Categories
Weblogging

Weblog Graveyard

Recovered from the Wayback Machine.

I finally managed to get the For Poets sites up and running and have moved a couple of existing articles over, to Internet for Poets and Semantic Web for Poets. You can check the sites out following the links in the sidebar on the main page of Burningbird. Please let me know if the template I used for all the sites is causing breakage in your browser. I’ve tested in Mac OSX and Windows, with a variety of tools, but you know how it is.

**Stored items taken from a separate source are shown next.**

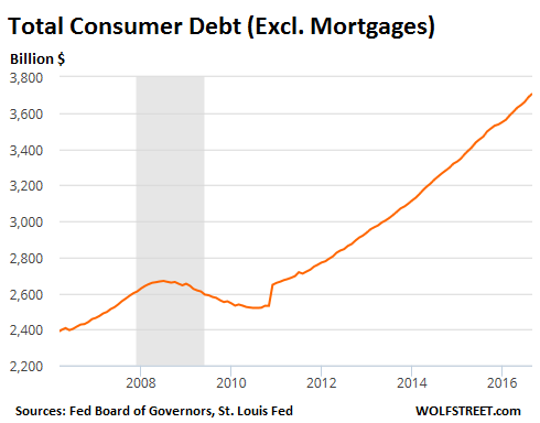 This graph from Wolf Richter shouldn’t really need any explanation, but people have been so numbed by endless repetitions of sunny skewed data that it does. Sure, mortgage debt no longer looks as bad, thanks to foreclosures, jingle mail etc. So Wolf depicts debt without mortgages.
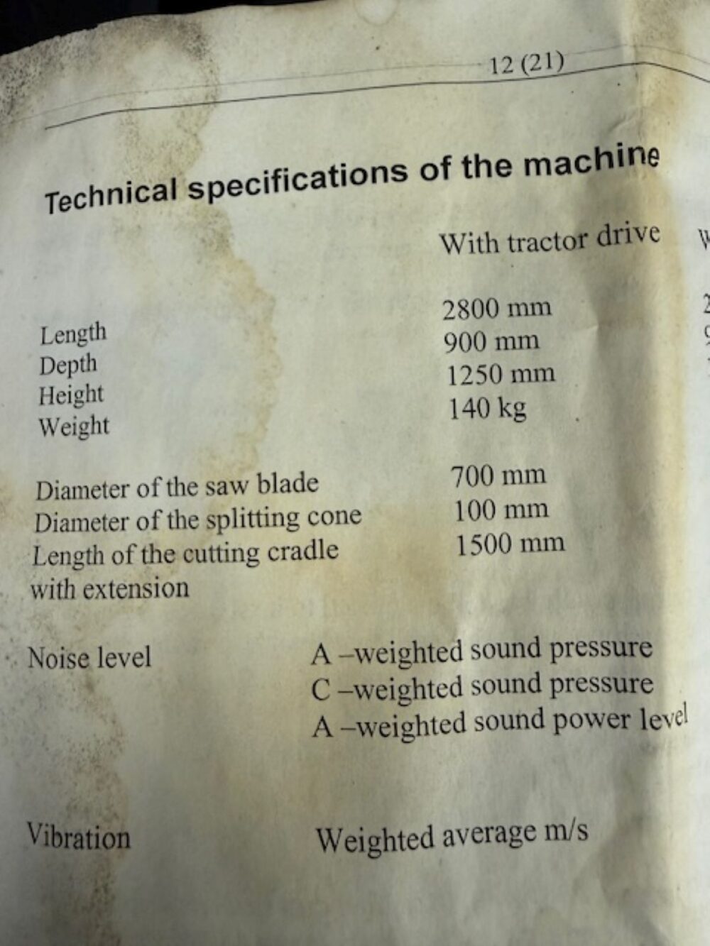28″ Circular Saw with TCT Blade and Splitting Cone.
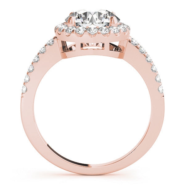 Rose gold Round Halo Diamond Engagement Ring with Pavé Band and Four-Prong Setting
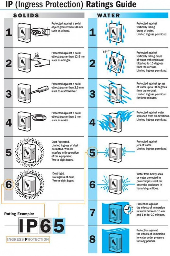 这里的 IP 的全称是“Ingress Protection”(侵入保护)。IP 防护等级是由两个数字所组成,第 1 个数字表示电器防尘、防止外物侵入的等级(这里所指的外物含工具,人的手指等均不可接触到电器之内带电部分,以免触电),第 2 个数字表示电器防湿气、防水浸入的密闭程度,数字越大表示其防护等级越高。
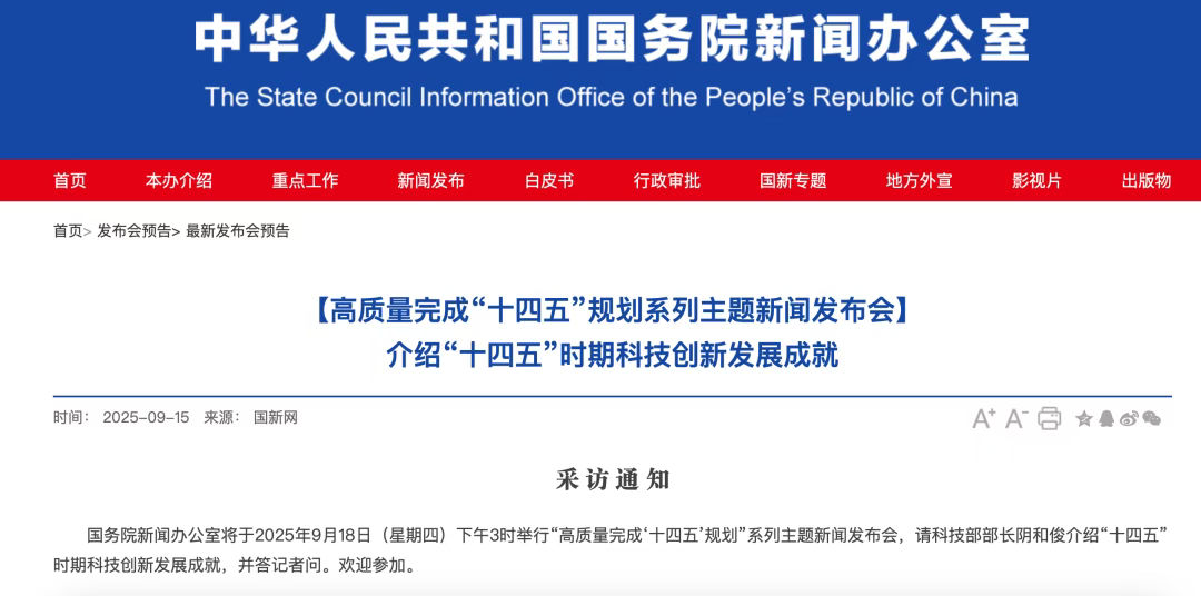 9月18日(星期四)下午3时,举行“高质量完成‘十四五’规划”系列主题新闻发布会,请科技部部长阴和俊介绍“十四五”时期科技创新发展成就,并答记者问。

All the new weblogs are using Movable Type. I did manage to install several other weblogging tools, but when it came time to try and skin them — I threw in the towel, and decided that what I’m writing is more important than what I’m using to publish it. Either I continued to fuss with the tools, or I started writing again.

Writing won.

In addition to moving the older articles over, I also published the first part of a multi-part series on Permalinks, Weblog links. Part 1, “The Impermanence of Permalinks”, discusses the problems of permalinks and moving weblogs or changing tools, something we all know all too well. The rest of the segments of the article are as follows:

 

Part 2: “Re-weaving the broken web”

What are some of the techniques you can use to point your old permalink addresses to your new page locations.

Part 3: “Architectural Changes for Friendly Permalinking”

What should tools provide, at a minimum, to prevent permalink problems.

Part 4: “Start fresh by sweeping out the old webs”

Sometimes you may want to break the permalinks, and sometimes you may want to deliberately throw out archive pages. This last section challenges the premise behind persistent archives, and the myth of the permalink.

Part 2 will cover techniques you can use to redirect from old pages to new locations, including using htaccess, ErrorDocument, Redirect, and so on.

Part 3 is going to focus on what weblogging tools should support to minimize the broken permalink problem. I plan on tying this back to the Pie/Echo/Atom effort, and see where the requirements outlined in the article would fit into the current work with the new initiative. In addition, I’ll write on how these same requirements will impact on existing weblogging tools, and what we can do to propagate changes more quickly through all the services we’re all so tied into now.

The last part is going to be the fun one. The scenario basically is this — throw out the rulebook, and break the permalinks, throw away the archives. Yes, violating the two strongest taboos of weblogging in order to make a move to a new site, or, more importantly, to redefine what your weblog is, and what you want it to say about you.

Sometimes you may find yourself caught up in weblogging patterns that you find, over time, don’t suit you. You may want to change what you write about, or change how you write, or even your subject matter. You look back through your old archives of what you wrote a year ago, two years ago, and it isn’t compatible with what you want to write now. So what do you do? Do you keep the old baggage — dusty old permalinks to dusty old writing? Or do you start fresh?

Somewhere along the way we built into Law that thou shalt not break permalinks, thou shalt not drop archives. We leave them lying, permanent reminders for all time and either just change direction in our writing (causing some confusion between the old and the new), or start a new weblog.

I envision a future Web, littered with the carcasses of old, old weblogs, long discarded, long forgotten, ghosts that haunt the threaded void. What exactly do you do with an old, old weblog that refuses to die? Can we take it out into the wilderness somewhere, and leave it by the side of the road? Will it manage to find its way back home? Can we pretend at some future time, that we don’t know it?

I think it’s time, and past, to put this law to the challenge. Part 4 talks about this, and also talks about how you can ‘break’ the laws with style, grace, and elegance.